Les seules circonstances atténuantes étaient son âge et son milieu familial. Quand il a tué Bardell, Matthew Bentley avait 14 ans. Son dossier contient des indications sur sa famille. Père : en prison pour agression sexuelle sur une parente. Mère : alcoolique ; paisible de prison pour recel. Demi-frère : en prison pour avoir violé un membre de la famille. Soeur K. : alcoolique ; Soeur T. : série d’arrestations pour violence domestique ; Demi-soeur C. : en hôpital psychiatrique. Les parents de Bentley, Terry et Debra, sont des multi-divorcés.
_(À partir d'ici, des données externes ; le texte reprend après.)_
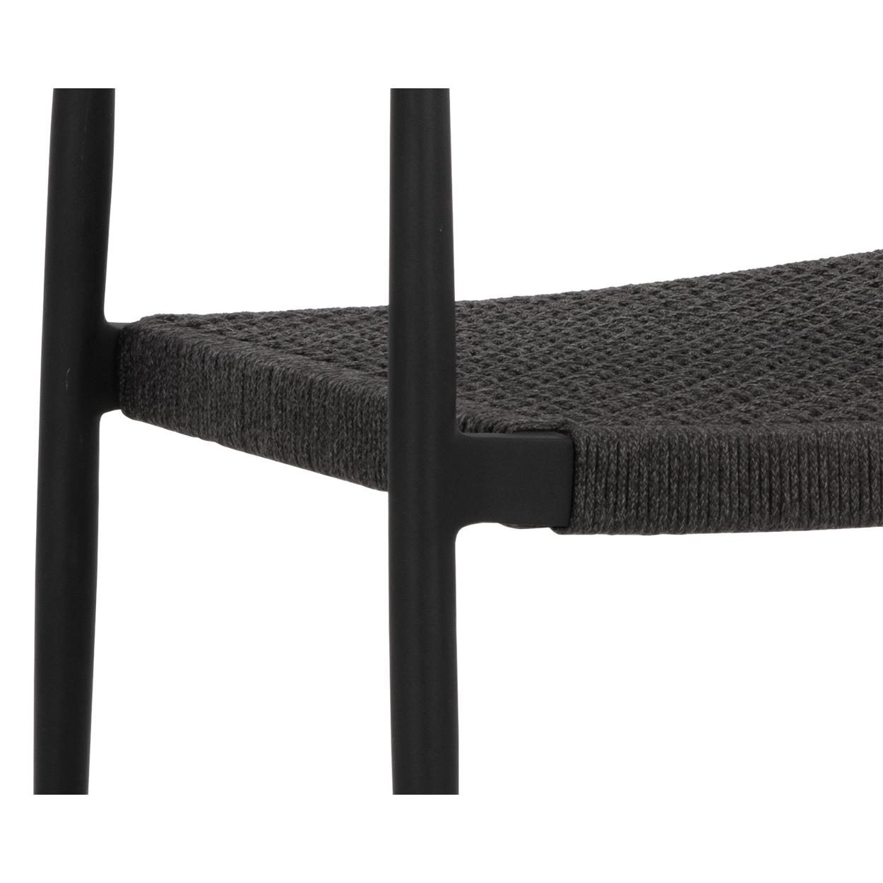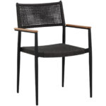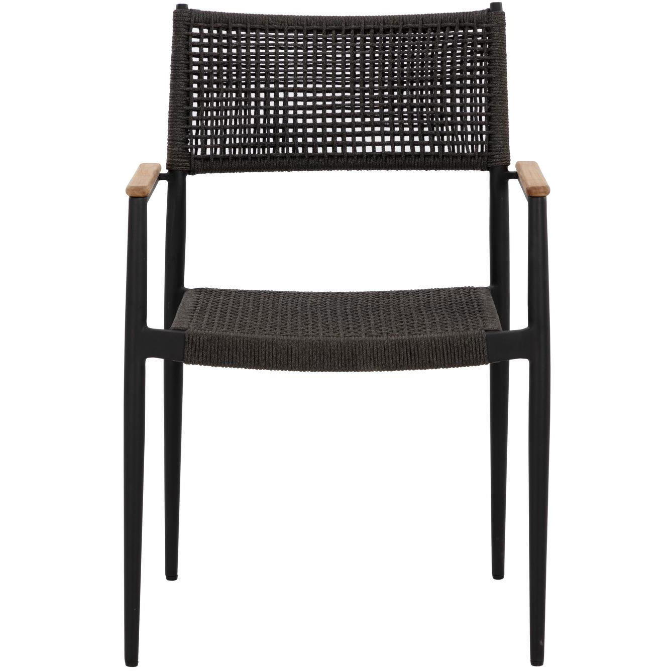 The Nava Stackable Dining Armchair boasts a light and airy design that will resonate in any space. Features solid teak wood detailing on the armrests paired with a black powder-coated aluminum frame. Completed with a dark greymix rope weave on the seat and backrest. Suitable for indoor and covered outdoor spaces.

Ils se sont mariés en 1975 et ont divorcé deux ans plus tard. Terry a ensuite épousé Grace, en 1978. Ils ont divorcé un an plus tard. Terry a épousé à nouveau Debra en 1980, et elle a donné naissance à Matthew en 1982. Ils ont divorcé une deuxième fois en 1989. Terry a épousé Grace une seconde fois en 1991, époque à laquelle il était déjà en prison comme délinquant sexuel. L’enfance de Matthew a été telle que vous pouvez l’imaginer en ces circonstances. Il avait des résultats scolaires épouvantables. Il était régulièrement exclu pour avoir manqué l’école et il avait souvent eu maille à partir avec la police.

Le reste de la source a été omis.